FULTON, N.Y. -- Sometimes Rick O'Shea still hears the beer bottles clanking in the shadows of the old Miller Brewing plant here, where he worked until the place closed more than a decade ago.

Now he is the engineering director of a project aiming to turn the ghostly, 420-acre complex into the Northeast's first ethanol production plant, churning biofuel out of the massive vats that once brewed Miller Lite.

"Every vessel you see is going to be reused," said O'Shea, 50, standing in the darkened plant's west brewhouse before two stainless steel kettles, each large enough to hold 45,000 gallons of beer. "We've got fermentation tanks; we've got cooking vessels - that's what lured the ethanol project here."

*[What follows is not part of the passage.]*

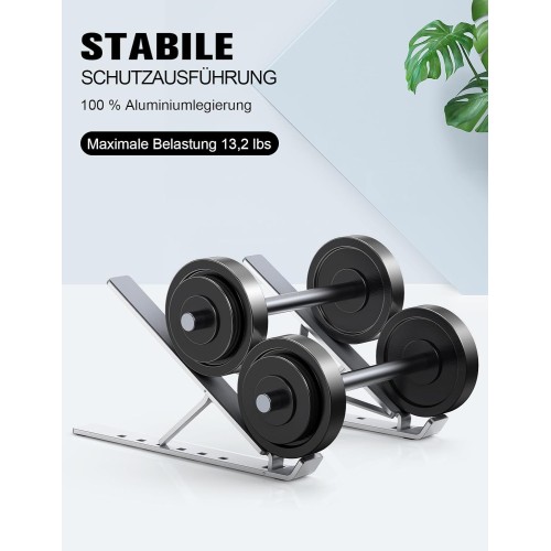 • Robust und vollständiger Schutz: Hergestellt aus hochwertiger 6 mm Aluminium-Legierung und als Dreieck-Struktur entworfen. Kann bis zu 6 kg Gewicht stabil halten. Mit großen Anti-Rutsch-Silikonabdeckungen an 2 erhöhten Haken und der gesamten Oberseite. Kann Ihren Laptop an Ort und Stelle halten und Ihr Gerät maximal vor Kratzern und Verrutschen schützen. Darüber hinaus werden glatte Kanten Ihre Hände nie verletzen.

With gas costing $3 a gallon in many parts of the country and much of the oil-producing world in turmoil, the lure of homegrown fuel is a powerful one. Gov. George E. Pataki is intent on making the state the vanguard of ethanol production in the Northeast, and the Fulton plant is one of the projects in the region that is closest to fruition.

Certainly, there is a market. New environmental regulations are spurring a rapid rise in demand for ethanol this year as a replacement for methyl tertiary butyl ether, a gasoline additive better known as MTBE that has been linked to groundwater contamination.

But in the United States, ethanol has always been a Midwestern fuel, and one of limited environmental benefit because it is made from corn, which requires considerable resources to grow and harvest.

Now, New York is investing millions of dollars in research on corn-free ethanol. The State University of New York is spearheading that effort, which would produce ethanol using chips from willow trees instead.

"We pull out the things that are normally thrown away by a pulp and paper mill," said Neil Murphy, the president of SUNY's College of Environmental Science and Forestry in Syracuse, which is also working with an International Paper plant in Ticonderoga, N.Y.

The goal is to use the willow chips to make paper in Ticonderoga and then ship a syrupy byproduct to Fulton, where it can be brewed into ethanol, also known as grain alcohol.

Mass production using this approach is largely untested. So the owners of the Fulton plant, a fledgling local company called Northeast Biofuels, hope to start by producing corn-based ethanol at the beginning of 2008, and plan to later experiment with ethanol from wood chips. They formed a partnership with an established Canadian ethanol producer, Permolex, and even received a $3 million loan from the pension funds of two unions that see jobs in the reconstruction of the brewery.

"Ultimately, where is the demand for ethanol going to be?" asked Eric W. Will II, one of the owners of Northeast Biofuels. "It's going to be where the automobiles are, where you need the motor fuels, and that's called the East Coast and the West Coast."

Douglas Brent, the co-chairman of Permolex, said that building plants closer to areas densely populated with cars was "the future of the industry."